Adapting to Other HuggingFace Models
=====================================

To fine-tune a different HuggingFace model, copy the Gemma config and change
the model identifier:

.. code:: yaml

    model:
      name: null
      family: "hg"
      arch: "causal_lm"
      config_overrides:
        hf_name: "mistralai/Mistral-7B-Instruct-v0.3"
        model_type: "causal_lm"

    tokenizer:
      path: "mistralai/Mistral-7B-Instruct-v0.3"
      family: "hg"

For seq2seq models (e.g.

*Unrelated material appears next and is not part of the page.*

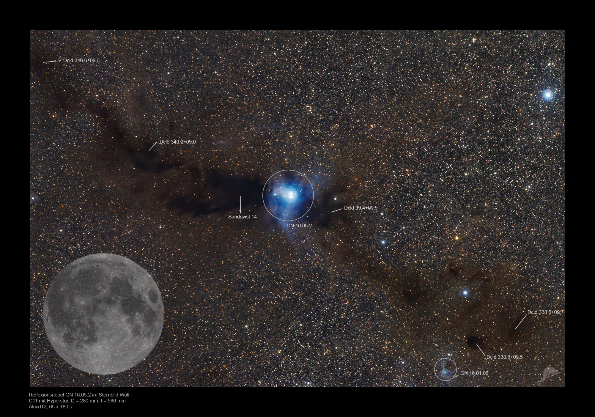 | Objektbeschreibung: Die Molekülwolke Lupus 3 im Sternbild Wolf beherbergt mit GN 16.05.2 einen großen, aber sehr lichtschwachen Reflexionsnebel. Die beiden Herbig Haro Sterne HR 5999 und HR 6000 im Zentrum des Nebels sind in der Molekülwolke entstanden und beleuchten mit ihrem blauen Licht den Staub in ihrer Umgebung. Sie sind das Zentrum eines Sternhaufens aus relativ massearmen neu entstandenen Sternen, die im sichtbaren Licht noch im Inneren der Wolke verborgen sind. HR5999/6000 sind vermutlich jünger als 1 Million Jahre. Die Lupus 3 Molekülwolke gehört zur Scorpius-Centaurus OB-Assoziation und hat eine Entfernung von etwa 600 Lichtjahren zu unserem Sonnensystem. Der dichte (dunkle) Teil der Molekülwolke hat ungefähr eine Länge von 15 Lichtjahre. Der Bereich von Lupus 3, der in unserer beschrifteten Bildversion mit Sandquist 14 bezeichnet ist, enthält Staub von etwa 100 Sonnenmassen. Die dichteren Regionen solcher Dunkelwolken ziehen sich durch ihre eigene Schwerkraft zusammen und heizen sich dabei auf. Da sichtbares Licht in frühen Phasen des Kollaps noch vom Staub der Molekülwolke verdeckt werden, sind diese frühen Phasen der Sternentstehung nur im infraroten Spektralbereich zu beobachten. |

T5), change ``arch`` and ``model_type``:

.. code:: yaml

    model:
      name: null
      family: "hg"
      arch: "seq2seq_lm"
      config_overrides:
        hf_name: "google-t5/t5-small"
        model_type: "seq2seq_lm"

Checkpointing and Resumption
=============================

The recipe uses fairseq2's
:class:`~fairseq2.checkpoint.StandardCheckpointManager` for robust
checkpointing:

- **Automatic resume**: Re-running the same command with the same output
  directory automatically resumes from the last checkpoint.
- **Distributed-safe**: Works correctly in multi-GPU setups.
- **Checkpoints saved to**: ``{output_dir}/checkpoints/step_{N}/``

.. code:: bash
    :caption: Example - Resume Training

    # First run (trains and saves checkpoint)
    python -m recipes.lm.sft \
        --config-file recipes/lm/sft/configs/gemma_3_1b_it_gsm8k.yaml \
        /path/to/output

    # Resume from checkpoint (automatically detects and loads)
    python -m recipes.lm.sft \
        --config-file recipes/lm/sft/configs/gemma_3_1b_it_gsm8k.yaml \
        /path/to/output

Multi-GPU Notes
===============

When running with FSDP (the default for multi-GPU):

- Each rank sees its local device (e.g., ``cuda:0`` from rank 0's perspective).
  The model is actually sharded across all GPUs — this is expected FSDP
  behavior.
- Only rank 0 prints output to avoid clutter.
- Adjust ``max_num_tokens`` if you run out of memory on multi-GPU setups.

.. note::

    For production training, consider tuning the optimizer and learning rate
    scheduler. The recipe system exposes ``optimizer`` and ``lr_scheduler``
    config sections — run ``python -m recipes.lm.sft --dump-config`` to see
    all available options.